Guidance

Improve infrastructure for managing woodlands

Find out how to improve permanent access and infrastructure at woodlands you manage.

Why you should improve access to woodlands

Improving woodland infrastructure can help make woodlands more accessible by road, allowing timber and other forest products to be moved more easily. This helps enable sustainable management of the woodland, including treatment for tree health issues.

The types of infrastructure include:

  • extraction tracks for mechanised timber extraction to a transfer point
  • haulage roads and turning points
  • haulage road entrances or laybys
  • profiling and paving timber transfer points and stacking areas
  • culverts and other road and track side drainage
  • woodland security, such as gates for new entrance points

Before you start

You should get advice from the Forestry Commission on the most appropriate infrastructure for your management plans and whether it would be permanent or temporary.

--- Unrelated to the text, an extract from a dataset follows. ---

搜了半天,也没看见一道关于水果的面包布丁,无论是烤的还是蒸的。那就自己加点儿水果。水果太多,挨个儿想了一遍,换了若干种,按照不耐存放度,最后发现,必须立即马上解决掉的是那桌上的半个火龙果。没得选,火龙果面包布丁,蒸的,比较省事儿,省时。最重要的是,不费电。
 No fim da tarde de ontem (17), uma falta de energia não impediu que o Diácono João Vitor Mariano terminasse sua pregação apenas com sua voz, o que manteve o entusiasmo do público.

The conditions of any Statutory Plant Health Notice (SPHN) may require work to start sooner than new infrastructure can be installed. So temporary solutions like skylining or log chutes may have to be prioritised.

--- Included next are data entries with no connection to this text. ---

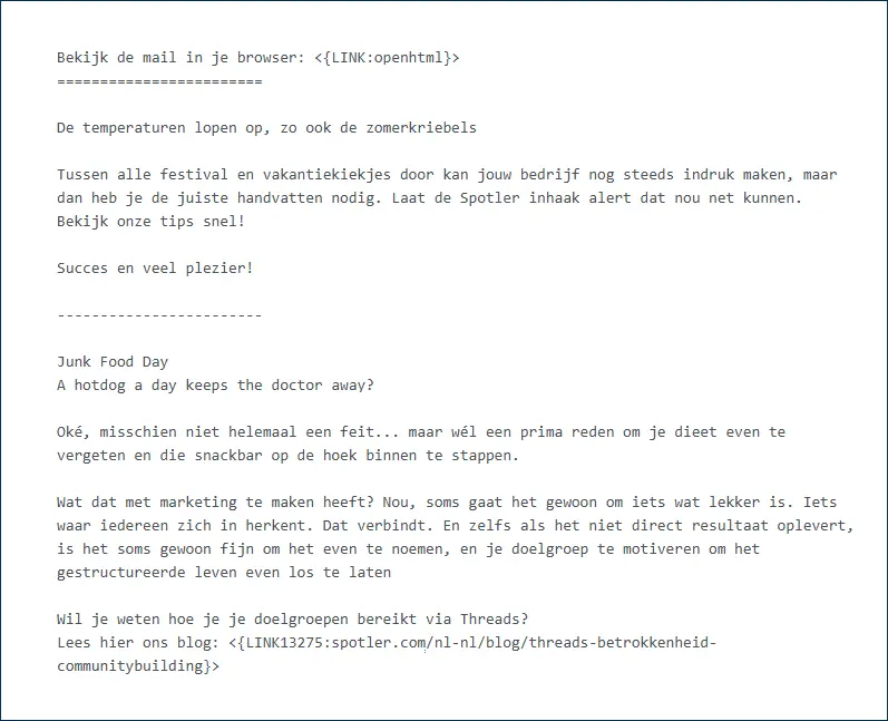 In Spotler is een van de stappen in de opmaak en afronding van je mailings het verzorgen van een tekstversie. ESP’s doen dit niet voor die laatste Nokia-lezers, maar veel meer om te voorkomen dat je mail wordt tegengehouden door spamfilters. Veel spamfilters blokkeren mailings zonder een tekstversie. De reden hiervoor is eenvoudig: spammers nemen vaak niet de moeite om een tekstversie op te maken.
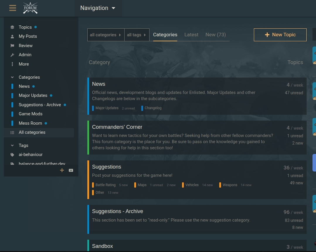 I just went to forum.enlisted.net and it goes straight to the main page that clearly shows the new suggestions option. I didn’t need to click anything else.
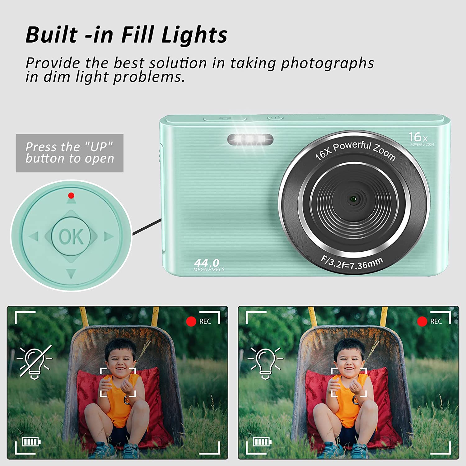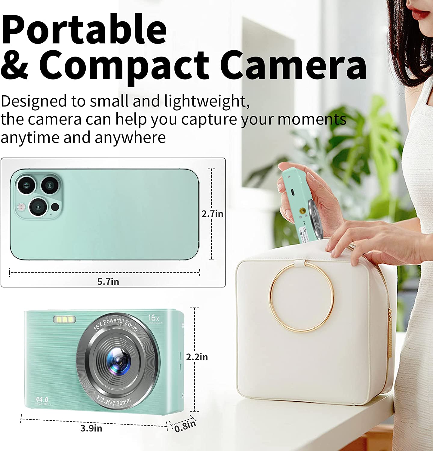 - 【4K & 44MP Digital Camera】4K mini camera for kids girls boys adults has 4k video resolution and 44MP image resolution, and support 16X digital zoom, helping you capture and record the most exciting memorable moments with high-quality images or videos.
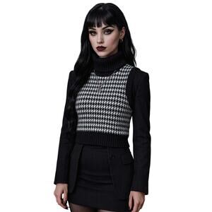 Black and white houndstooth knit turtleneck vest from Lauren Ralph Lauren in size Small. Material is a soft and luxurious blend of merino wool, cashmere, blend.
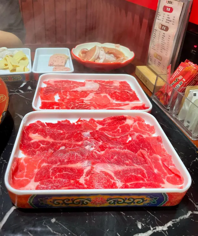 見到午市晚市單點經openrice訂位分別有68折/78折優惠,亦可以揀任食火鍋,我同朋友決定揀任食放題,揀左$168既極上套餐,150分鐘任飲任食,有五款肉類任食,包括美國特級肩胛肥牛、澳洲安格斯牛板腱、澳洲高鈣小肥羊、西班牙五花腩片同雞肉件,另外亦有豬黃喉、鵝腸、黑毛肚、鴨血等廿幾款單點任食選擇。個人覺得整體D肉都唔錯!
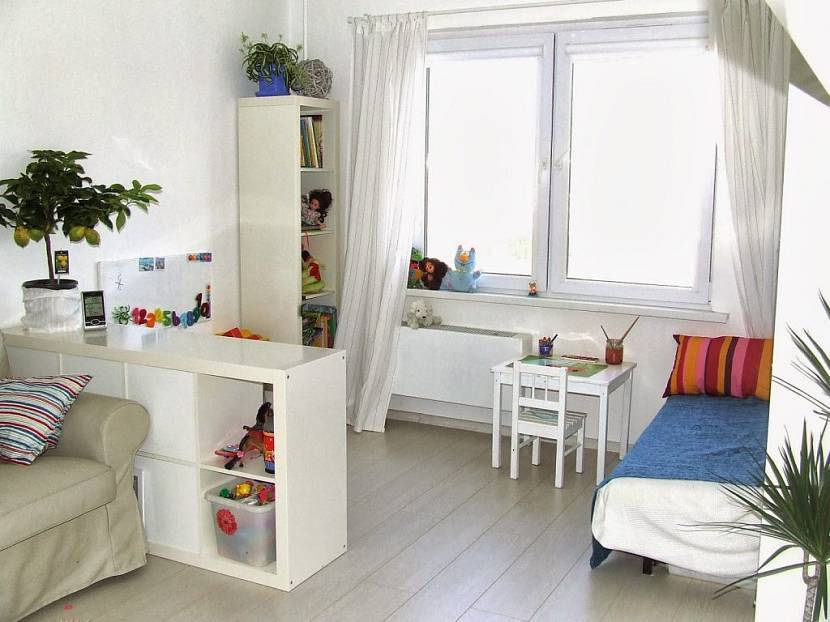Для детских спален, которые имеют небольшую площадь, можно с умом организовать каждую свободную точку пространства. Поставьте устойчивый шкафчик с игрушками в угол. Он может быть прямоугольным или угловым. Часто такие гарнитуры выполняются из пластика. Но могут применяться и специальные деревянные сундучки или МДФ-модели для хранения детских принадлежностей.

You may need to apply for a road closure to access and work on the trees safely. You’ll need to contact your local council to find out how road closures work in your area.

New tracks or roads

New or repositioned tracks require careful route planning, sound construction and regular maintenance to keep them firm and dry, to prevent erosion of track surfaces and to minimise runoff issues. Including cross drains or grass verges will help manage surface runoff and reduce the risk of diffuse pollution.

You should site tracks away from sites of historic interest and scheduled monuments to avoid damage to these features from livestock and machinery movement.

You can minimise impact on the landscape by positioning tracks adjacent to existing boundary features and avoiding routing them across the middle of open fields.

The specification of your track or road needs to meet national legislation, following the construction, design and management (CDM) regulations for forest roads and tracks.

Find out more about how to plan and access tracks and surfaced haulage roads in woodland.

Getting permissions and consents

Before applying for funding to improve access and infrastructure, you must send a description of the work to the local planning authority so it can see if the work can be classified as a permitted development.

Permitted developments do not require full planning permission.

You’ll need full planning permission where you construct a new access from a classified public highway.

You must get consent for the work from the local planning authority (or internal drainage boards within an internal drainage district) if the road crosses a watercourse or uses culverts during construction, use or maintenance. You do not need to send this consent with your application but you will need to submit consents and permissions with your payment claim.

The Forestry Commission will decide whether the work requires consent under the Environmental Impact Assessment (Forestry) Regulations. This is dependent on whether the proposal will have a significant effect on the environment.

You may need to do one or more of the following to get the necessary permissions before you start work:

If you’re felling trees to improve access and infrastructure you should check if you need to apply for a felling licence from the Forestry Commission.